Analytical Reasoning

Logic Games went from hardest to easiest section. Here is how to get there

June 2026 · 9 min read

Logic Games — or Analytical Reasoning as the LSAC calls it — has a reputation as the most intimidating LSAT section. Students open their first game, stare at a set of cryptic rules about people standing in line, and feel a familiar panic.

Here is what those students do not know: Logic Games is the most learnable section on the LSAT. Unlike LR or RC, which build on broad cognitive skills that take months to shift, AR rewards a specific, teachable skill set. Students who learn proper game-diagramming technique and practice consistently can go from struggling to near-perfect on this section in 8–10 weeks.

What changed in 2024 — and what stayed the same

The LSAC officially removed traditional Logic Games from the LSAT starting in August 2024, replacing them with a new Analytical Reasoning format. The new format presents logical puzzles and scenarios, but rather than the classic sequencing or grouping games, it focuses more on evaluating arguments, identifying valid inferences, and applying rules to scenarios.

The underlying skill is identical: given a set of rules and constraints, determine what must be true, what could be true, and what cannot be true. Students who excel at systematic rule application and deductive reasoning excel at this section regardless of the exact format.

The students who perform best on Analytical Reasoning are not the ones who think fastest. They are the ones who set up the problem most completely before attempting any questions.

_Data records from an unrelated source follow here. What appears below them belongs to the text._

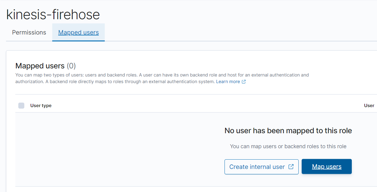 Role을 생성한 후 해당 Role에 Kinesis Data Firehose를 매핑시켜주기위해 Mapped users를 클릭합니다.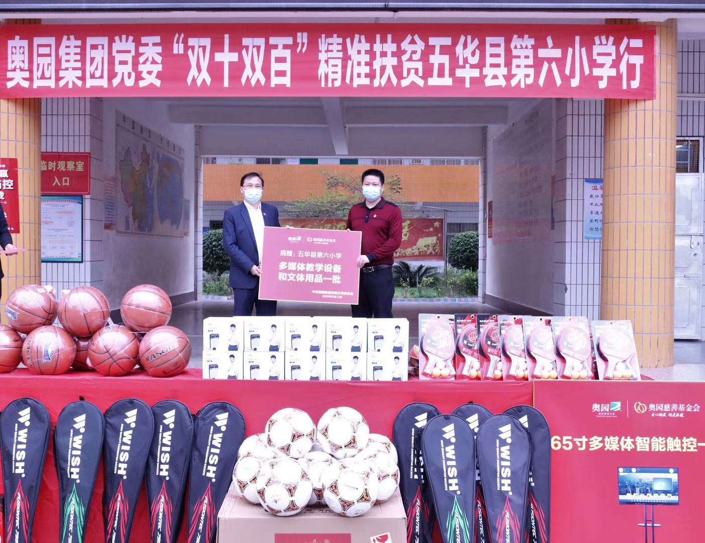 奧園集團(tuán)黨委,與五華縣水寨鎮(zhèn)壩美村、縣第六小學(xué)開展結(jié)對(duì)幫扶。幫助村民改善周邊生活環(huán)境,優(yōu)先安排村民在奧園廣場(chǎng)創(chuàng)業(yè)就業(yè),積極幫助解決“兩不愁三保障”問題,每年幫扶村里的貧困戶,捐贈(zèng)慰問金以及生活和防疫物資等。同時(shí)奧園集團(tuán)黨委攜手京師奧園南奧實(shí)驗(yàn)學(xué)校,每年與五華縣第六小學(xué)開展教育幫扶和教學(xué)交流活動(dòng),資助貧困學(xué)生,捐贈(zèng)教學(xué)設(shè)備、文體用品等。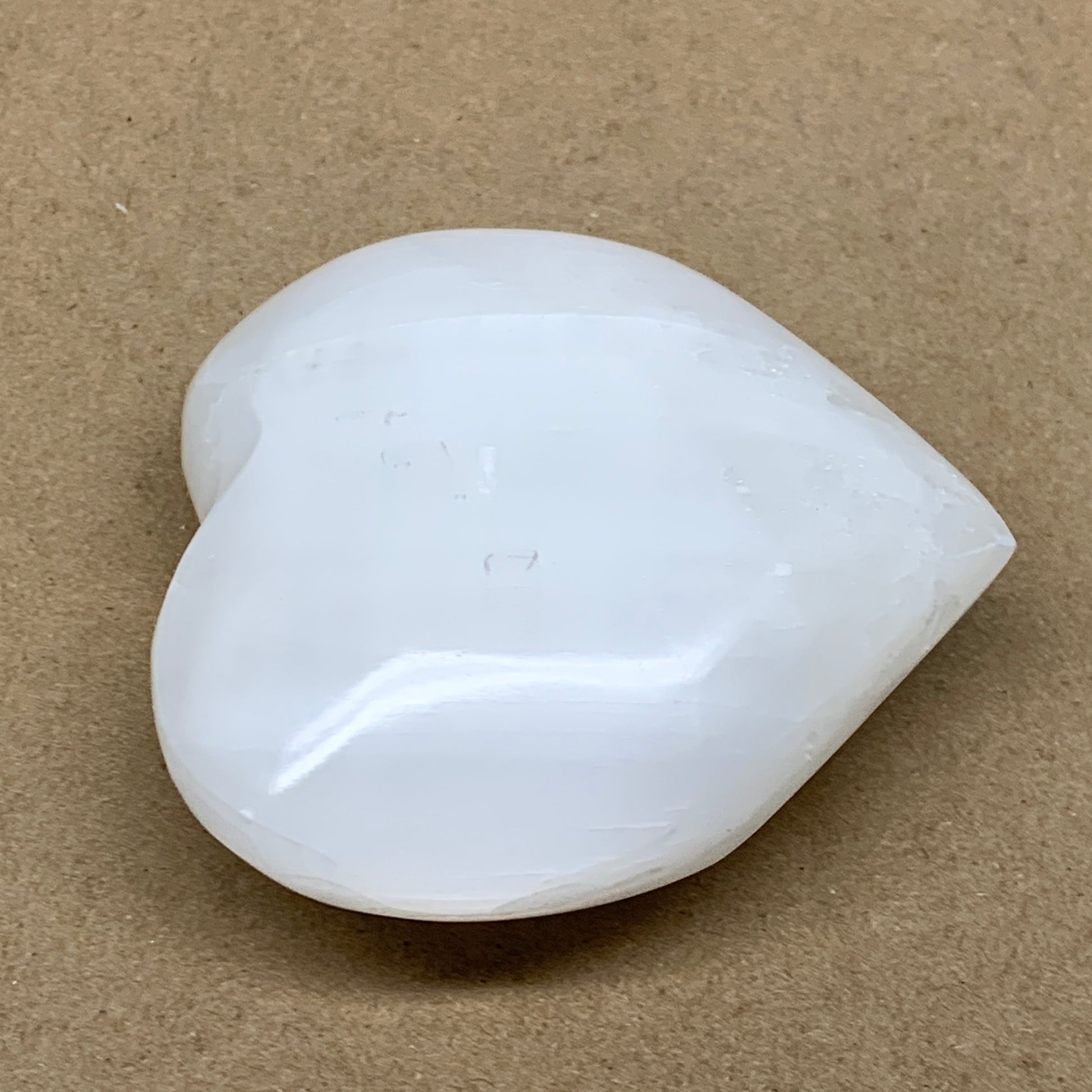 0.97 lbs, 3.8"x3.9"x1.6", Selenite Half Puffy Heart Crystals, Satin Spar, B36577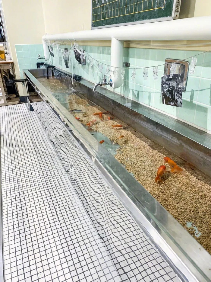 这间水族馆之所出名,就在于他是在保留学校全部设施的基础上,“微调”出的水族馆。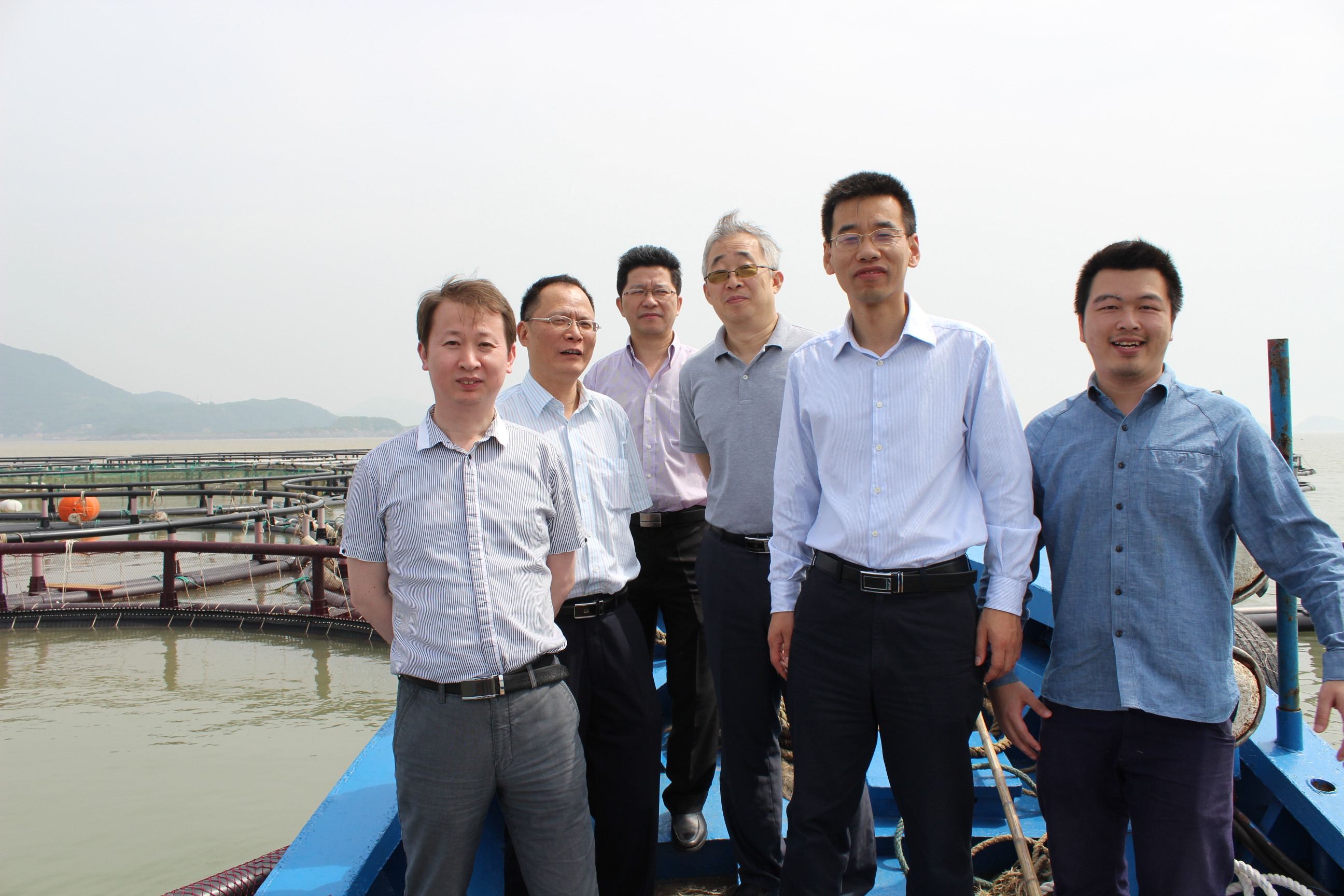 会后,中科院yx06永兴彩票集团东海站调研组一行前往舟山朱家尖参观了舟山海洋科技有限公司深水网箱标准化养殖推广示范基地。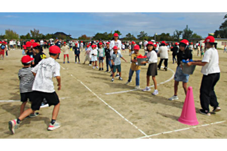 「減災・防災運動会」のプログラムでバケツリレーをする児童たち 平成27年、大手ゼネコンから校長の立場で教育の世界に飛び込んだ古谷俊之・堺市立新檜尾台小学校校長(児童261人)。大分県の公立中学校2校...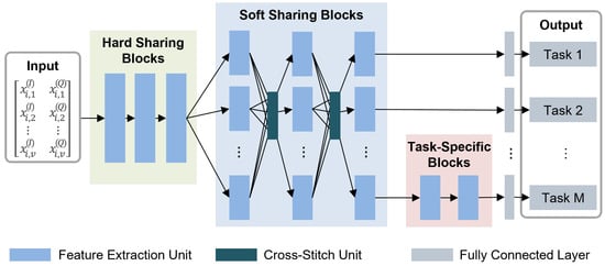 MTL models have more weight parameters to be tuned during training than single-task learning models [35]. To establish effective learning strategies, we consider a hybrid network structure that combines hard sharing blocks (HBs) and soft sharing blocks (SBs). HBs extract common features shared by tasks through tightly coupled sharing layers, while an SB has a different layer for each task and shares information through a unit called a cross-stitch [36]. An HB uses unified shared layers, resulting in less memory usage and faster inference, but this may cause competition among tasks. In contrast, an SB consists of individual layers for each task, including the shared part, resulting in relatively less competition for each task.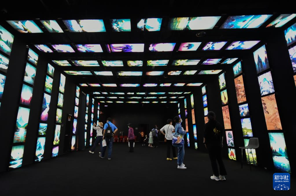 在位于北京的瞭仓数字藏品博物馆,观众在一间以永定河生态为主题、展示动态画作、实景照片和人工智能生成画作的展厅里参观(5月14日摄)。新华社记者 陈钟昊 摄
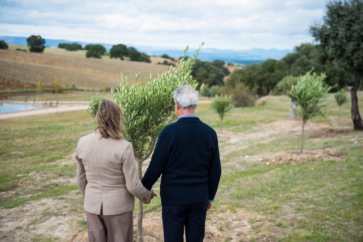 “Es el primer bosque donde depositar las cenizas que existe en España de forma 100% ecológica y sostenible. Y que está 100% en terreno rústico, en un bosque de verdad y no anexo a ningún cementerio. Porque hay cementerios que están intentando cosillas parecidas a lo que hacemos nosotros. Por ejemplo, un jardín para esparcir la cenizas o que en los árboles del propio cementerio se pueda hacer algo... ”, cuenta Ana González Alonso, una de las creadoras de este especial bosque que enseguida explica por qué ellos no querían estar ahí. “Ahí estás pegado a algo que nosotros no queremos: panteones, gárgolas, mármoles, criptas, nichos… En un cementerio convencional ves mucha tristeza y desigualdad, de los pequeños nichos a los grandes panteones. Aquí todo el mundo es un árbol y el árbol es el símbolo de la vida que esa persona ha vivido: es cambiar una vida por otra. Este es un terreno que es campo campo, desde el que solo ves la sierra de Gredos, Guadarrama, viñedos, encinas, olivares… Aquí vuelves a pertenecer a la tierra y eres igual que el resto. La única diferencia es que el árbol haya crecido más o menos, o que hayas elegido un árbol ya plantado con la copa más grande, o un madroño arbustivo, o un olivo centenario o más pequeñito...”, detalla sobre la concepción de este proyecto.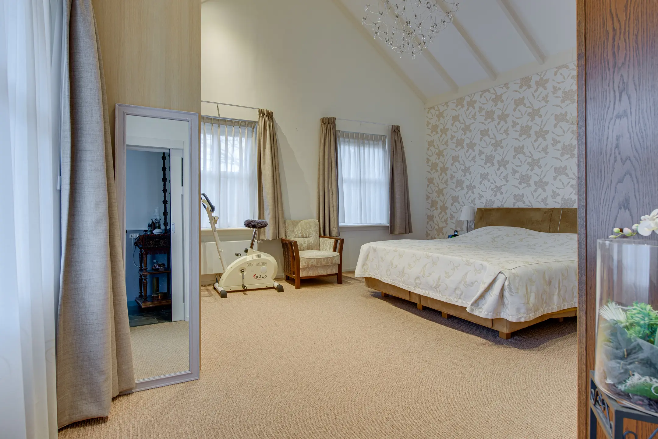 Via de vaste trap bereik je de overloop, die toegang biedt tot drie comfortabele en goed bemeten slaapkamers. Dankzij de fijne lichtinval zijn dit prettige ruimtes die zich uitstekend lenen als slaap-, kinder- of logeerkamer, maar ook als hobby- of werkruimte.

The core technique: complete setup before question 1

The most common mistake students make on AR is jumping to the questions before fully processing the rules. This creates a cascade of re-reading, re-checking, and second-guessing that kills time and accuracy.

The right approach: read all the rules first, create a clean diagram or framework, then make all valid inferences before touching question 1. The upfront time investment — typically 2–3 minutes — saves far more time in the questions themselves.

For sequencing scenarios: Draw a row of positions. Place any fixed elements. Note any adjacency or separation constraints. Identify the most constrained element — it should anchor your diagram.

For grouping scenarios: Draw your groups as columns. Place fixed assignments. Work through conditional rules ('if A, then B') to generate contrapositives. ('if not B, then not A' — the contrapositive is always equally valid.)

Conditional logic — the foundation of everything

Most AR rules take conditional form: 'If A is selected, B cannot be selected.' Understanding how conditional logic works is not optional — it is the foundation of the entire section.

Every conditional rule has a contrapositive. If the rule says 'If A → B,' the contrapositive is 'If not B → not A.' These two statements are logically equivalent. The other two possible inferences — 'If B → A' and 'If not A → not B' — are not valid. Confusing these is one of the most common errors on AR.

Write out contrapositives for every conditional rule before starting the questions. This one habit eliminates an enormous number of errors.

Practice strategy

Work through different scenario types in isolation before mixing them. Spend a week on sequencing problems, a week on selection problems, a week on hybrid formats. Build your notation system so it becomes automatic.

Once you are comfortable with individual types, start timed practice. AR rewards speed — a full AR section has 4 games and only 35 minutes. Students who have internalized diagramming technique are fast; students who are still working out their approach on the fly are not.

Track your time per scenario. Target 7–8 minutes per game for diagnostics, 8–9 for practice tests when games are harder. If you exceed 10 minutes on a game, move on and return — time management on AR is as important as accuracy.